In the cyclical and uncertain Oil/Energy sector, value investing becomes even more prudent for investors seeking stability and potential returns. Among the notable stocks in this space that fit the bill are Civitas Resources CIVI, NuStar Energy NS and Murphy USA MUSA.

The Benefits of Value Investing

Historical data consistently demonstrate that value stocks tend to outperform growth stocks and exhibit relatively lower volatility. These companies are often well-established, and their stock prices may have suffered setbacks due to temporary earnings declines or industry-specific challenges. Value stocks typically exhibit attractive metrics, such as high dividend yields, low price-to-book ratios, low price-to-earnings ratios, or low price-to-sales ratios.

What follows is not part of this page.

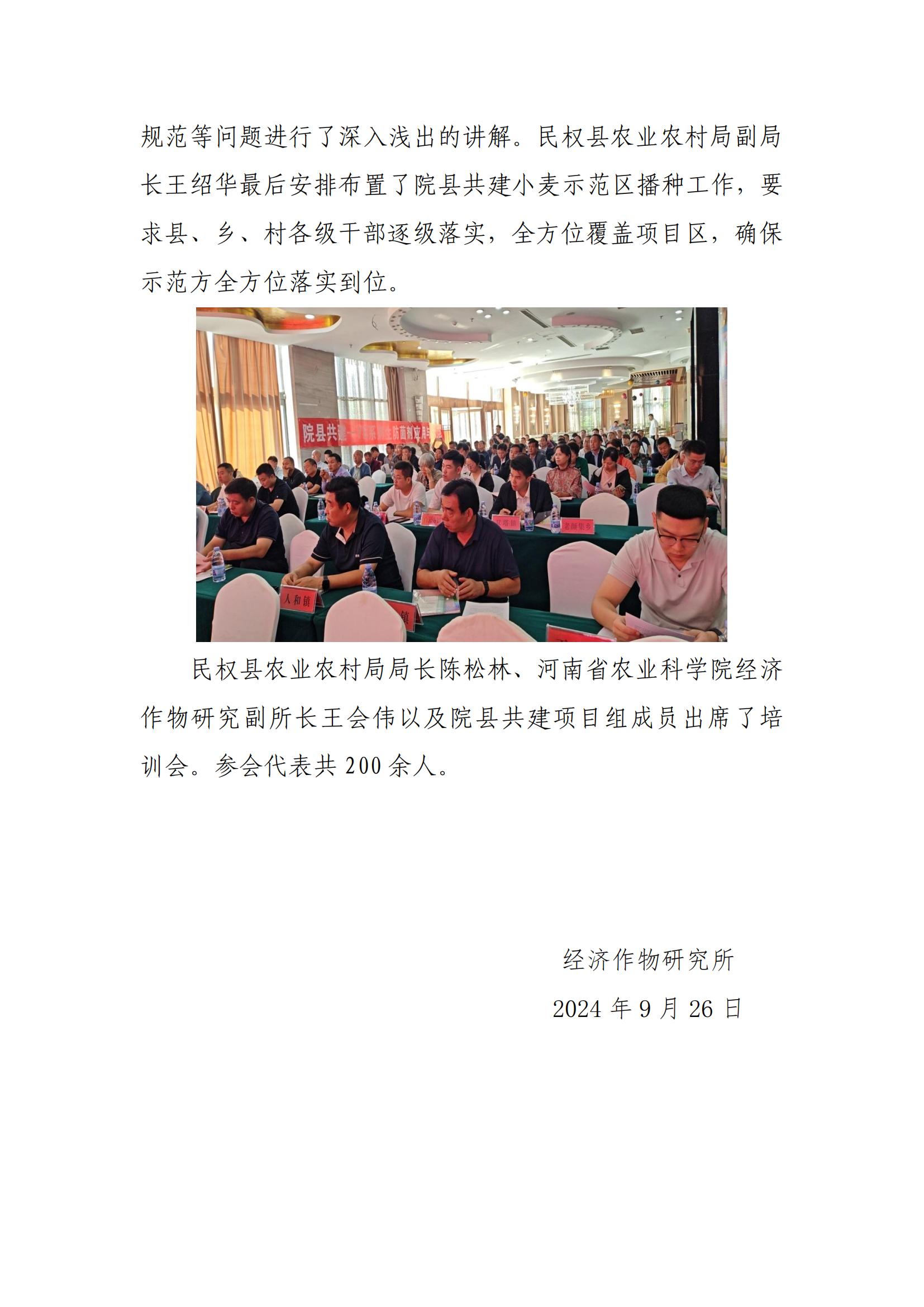 民权县院县共建现代农业科技综合示范县建设工作简报(2024年第09期)

Opportunity in the Energy Market

For risk-averse investors looking to enter the energy market, value investing provides an avenue to acquire stocks that have been overlooked by many and are trading at discounted valuations. In other words, these stocks trade at attractive multiples compared to their true worth. Despite occasional obstacles, the outlook for energy demand remains favorable, as reflected by OPEC’s recent upbeat forecast. Therefore, making investments in undervalued stocks from the sector seems a wise decision.

The Zacks Advantage

Analyzing each parameter and comparing it to the peer group to determine the attractiveness of a stock from a value perspective can be a daunting task. Fortunately, Zacks has developed a comprehensive Style Score system that identifies value stocks with significant potential in the near term. Combining this approach with the Zacks Rank, which reflects analysts’ optimism, enhances the investment strategy.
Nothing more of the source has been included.